╭──

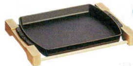
⑩ プレート 角 木枠付 12052 23 6663900 本体サイズ：内寸300×200×H30 木枠サイズ：外寸380×230×H40 重量：2.0kg ●木枠に乗せて卓上へサーブ
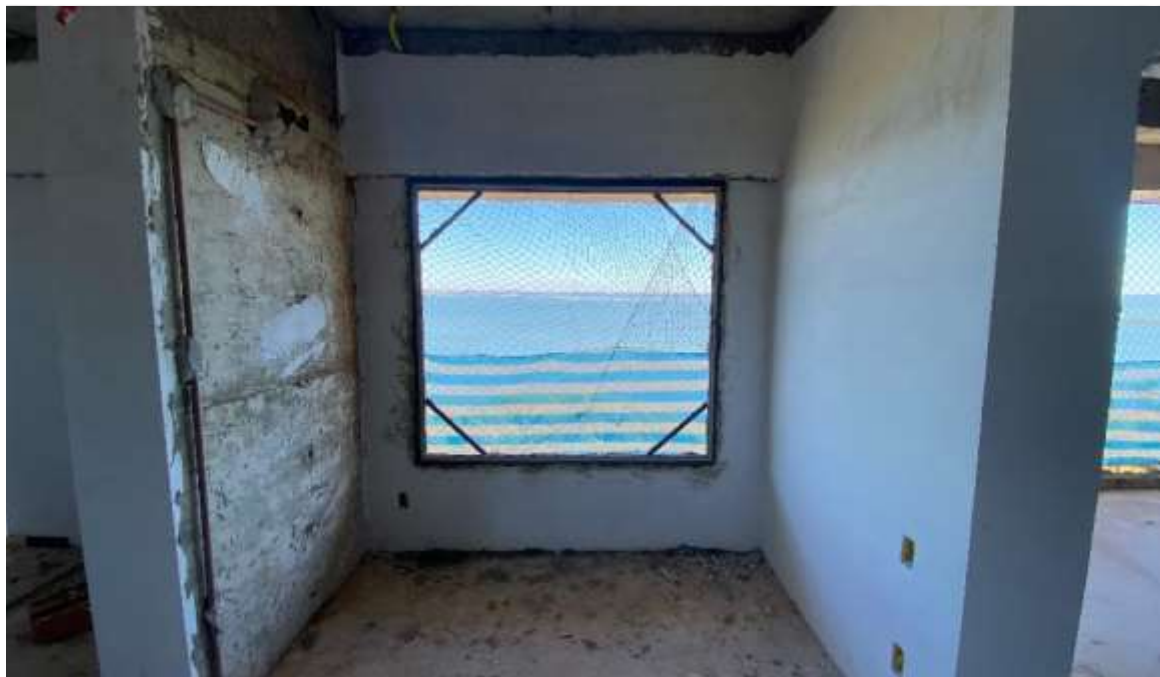
Chumbamento de contramarco no 13º pavimento – Junho 2024
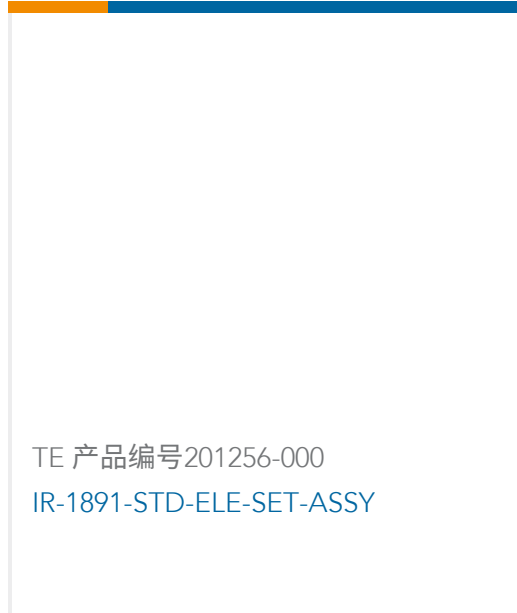
TE 产品编号201256-000 IR-1891-STD-ELE-SET-ASSY
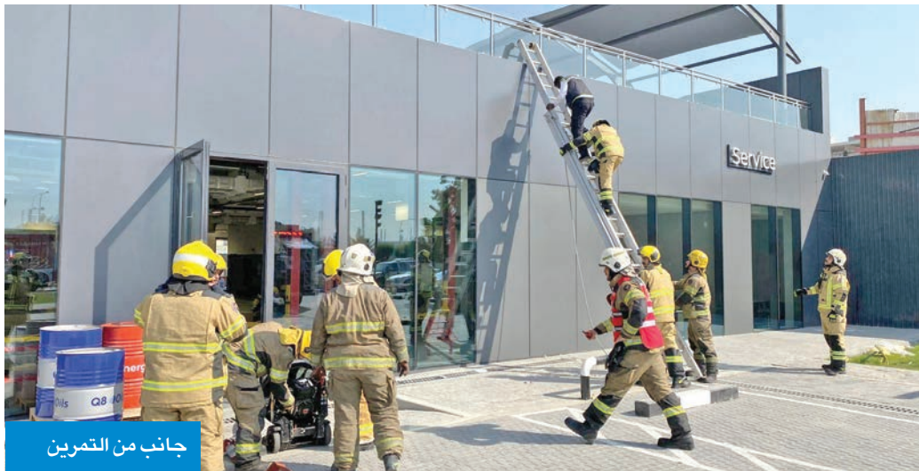
جانب من التمرين

بمنطقة الفحيحيل الصناعية، في إطار خططها التدريبية الهادفة إلى رفع جاهزية فرق الإطفاء، والتعامل مع مختلف أنواع الحوادث.

╰──

• **Assignment**: Write out exactly the lines from the line holding "TE 产品编号201256-000 IR-1891-STD-ELE-SET-ASSY" through the last line of the records above, inclusive, and nothing more. Leave out the pictures.

• **Response to the exercise**:
TE 产品编号201256-000 IR-1891-STD-ELE-SET-ASSY
جانب من التمرين

بمنطقة الفحيحيل الصناعية، في إطار خططها التدريبية الهادفة إلى رفع جاهزية فرق الإطفاء، والتعامل مع مختلف أنواع الحوادث.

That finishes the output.